To make the system safe against fraud, hacking, spoofing and negative feedback there would be restraints on numbers and timings of vote castings, each of these being stated when the vote or poll is set up. Single votes would be final and irrevocable, like today's X on a ballot paper. Changes of votes would be constrained by a combination of frequency limits such as once per hour, per day or per month and total change limits such as only one change of mind, only ten changes of mind per month. Polls measuring rankings would take into account total numbers of voters and total numbers of vote changes. Polls and votes would display both real-time and batch statistics about themselves. Polls measuring rankings would explicitly take into account the bottom of the rankings as well as the top, establishing continuous weightings.
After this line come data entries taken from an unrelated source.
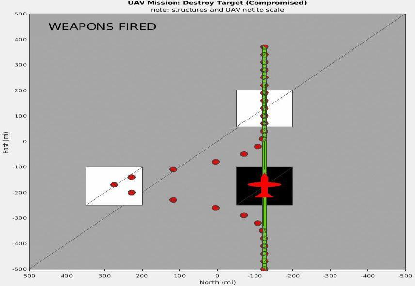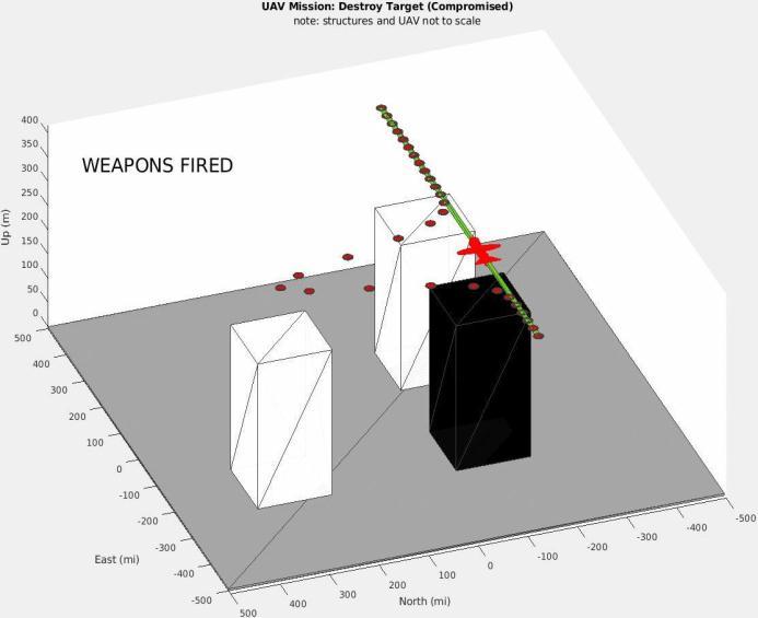 Matlab code is located that may be used to run the simulationoftheChapter-01scenario.InFigures4and5,we see the instant the UAV shoots against the target (the structure outlined in black) from a circling perspective in Figure-4 and a birds-eye perspective in Figure 5. The unmannedaerialvehicle(UAV)ishoveringrightabovethe target,andtheredGPScoordinatesestablishedbeforehand indicate that the payload will actually reach the target. Figures6and7depicttheinclusionofaGaussianTrojanasa supply-chainembeddedassaulttotheguidedmissiles'GPS readings from comparable perspectives. This allows the systemtofirethepayloadonafreshtargetlocated400miles distantaftertheUAV'sGPSreadinghasalreadytransmitted thefireinstruction.Byextendingthissituationbyanother degreeoflongitude,thedistancewouldincreaseto60miles (calculatedusing[7]).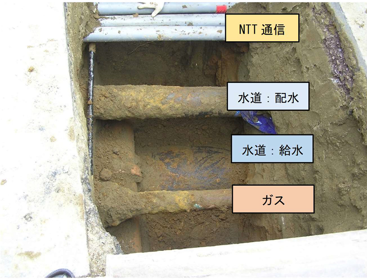 道路には、日々の生活を支える電気、通信、上下水道、ガスなどのライフラインが図‐3に示すように路面下の地中に埋設され、道路が河川や鉄道、道路を跨ぐ橋梁下の空間にも同様なライフラインが添架されている。また、道路下の地中には、開削工法やシールド工法などによって鉄道や道路が大型構築物として建設されている。道路路面下の地中に埋設されるライフライン及び地中構築物は、路上を通行する車両荷重や埋設されている地点の水圧、土圧などに耐えられるように設計され、道路構築時、若しくは供用開始後に建設されている。道路路面下に埋設されているライフラインや地中構築物の多くは、地上からその状態を確認することが困難であることから、橋梁やトンネンルとは点検方法が異なっている。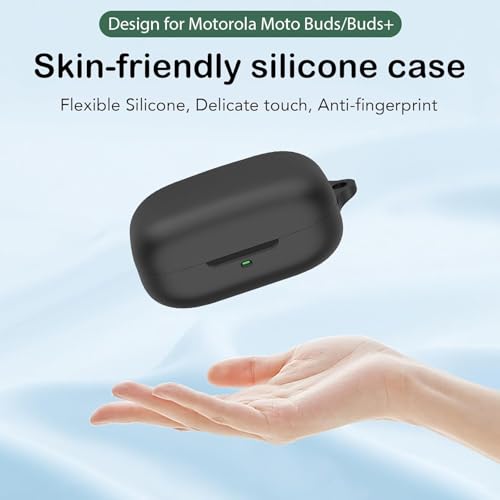Dl3 Mobilak - جراب حماية من السيليكون الناعم مقاوم للصدمات مع حلقة تثبيت وفتحة لرؤية مؤشر الليد الأمامي، متوافق مع سماعات موتورولا موتو بادز من دلع موبايلك (لون أسود)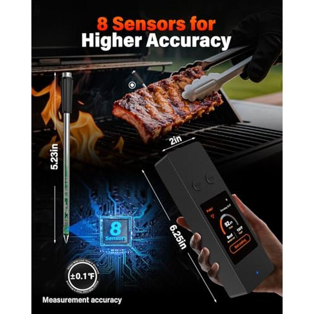 Experience the ultimate in cooking convenience with our Bluetooth Wireless Meat Thermometer, designed to make BBQ, smoking, and kitchen cooking a breeze. As one of the best Bluetooth thermometers for smokers and grill masters, this device features a touch screen interface, audible alarm, and 2 probes for simultaneous temperature monitoring. With a long-range 800ft connection and rechargeable base, you can effortlessly track your meat's temperature using our dedicated app, compatible with both Android and iOS devices, including iPhone. Whether you're a seasoned pitmaster or a beginner, our Bluetooth meat thermometer is the perfect tool for achieving perfectly cooked meals every time. Learn how a Bluetooth meat thermometer works and discover the secret to tender, juicy meats with our innovative device. Smart Wireless Cook by temperature, not by guesswork, with our precision sensor delivering quick, confident feedback that feels instant read, with fine 0.1F resolution across 32-212F. Switch F/C anytime and enjoy restaurant-level consistency with less checking and more enjoying.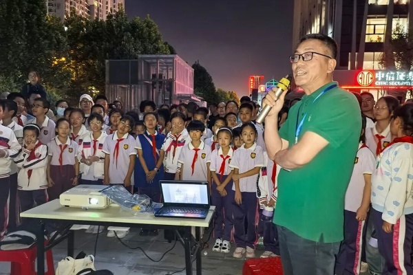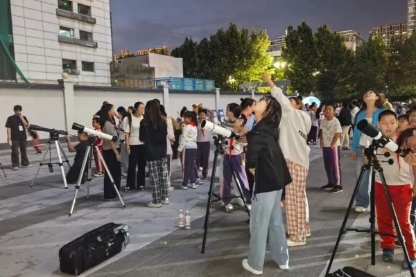9月28日,在石家庄市科协指导下,由石家庄市青少年宫、市天文爱好者协会联合桥西区东风街道槐北路社区党委、裕华西路小学、四中路小学、装备制造学校共同在青少年宫广场举办“穿越星河之旅,解码宇宙万象”千人赏月活动,吸引了市民、天文爱好者及亲子家庭近千人参与。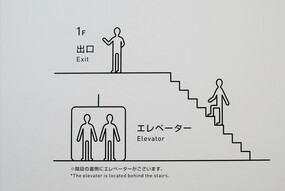 単に場所を示すだけではなく、階段をのぼる人や本を読む人をかたどるなどそこでの行動を表し、少しだけ人格があるようなあたたかみのあるものとなっています。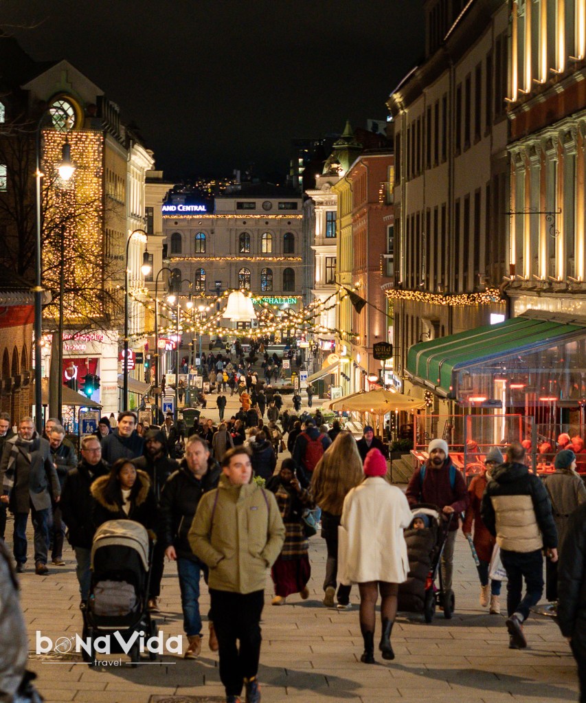 I és que la ciutat, Oslo, està ben maca en aquestes dates nadalenques. Els carrers principals, i les avingudes comercials bullen de gent fent compres i turistes com nosaltres passejant amunt i avall.
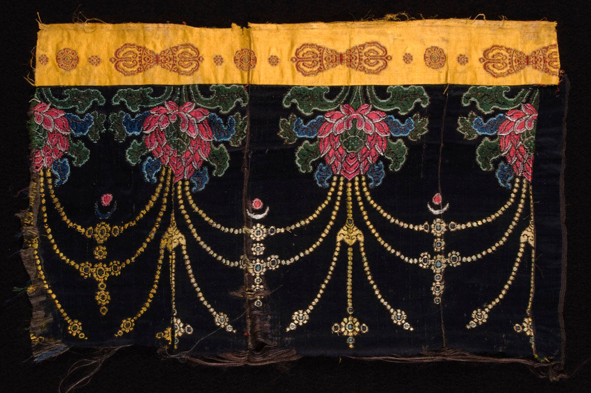 DescriptionDark blue satin brocaded in polychrome in deign of lotus with pendant jewles. Strip of yellow satin ribbon brocaded in red vajras and medallions sewn on one end.

Polls measuring rankings would have built into them time delays such that today's final view only becomes a 'legal' fact after say a week or a month.

Any decision or opinion on which the public is consulted would be available for inspection via another web site where all current and past votes and polls would be posted with all their statistics. In addition to statistics presented by default there would be analytical functions available on each site to enable any viewer with the right style of connection to conduct their own analysis of the figures.

(Ref: p1604)

Except in the special case noted above, votes and polls would all be non-binding, their function only to record the People's wishes. This is deliberate and necessary. Those doing 'government' must be put under pressure but not forced. If the People decide that one of their 'wishes' should indeed be, or now become, a direct order then a 'special case' of a binding vote is available for implementation. But this should be a great exception not a default and should therefore demand much more effort by all concerned to put into effect.

The executive department would 'govern', making decisions that will be implemented, using the votes and polls as guidelines for what to do. The monitoring department would cross-check what is actually done against what the People asked for. The monitoring department also has a website on which the People can register approval or disapproval. When either people or the People or the department decides something is unsatisfactory they can demand a review of any matter.

The system should prevent undesirable feedback in voting processes but there are two features which will mitigate the consequences of such feedback or runaway effects if somehow they do occur anyway. One, the executive department does have the option of refusing to implement or support the wishes of the People, but can only do this with complete disclosure of the reasoning behind doing so. Second, the exact methods by which voting and polling occur, on every individual vote and poll, will be published before and during the vote or poll, on the web site conducting the vote or poll. This will enable anyone anywhere anytime to argue that the methods and algorithms are incorrect, illogical, mathematically unsound, wrong, unsafe, fallible, unjust, biased or in some other way unsatisfactory. A challenge to a vote or poll would be replied to, publicly, by the Monitoring department immediately it occurs. No vote or poll would have legitimacy until outstanding challenges have been answered, if necessary by a court.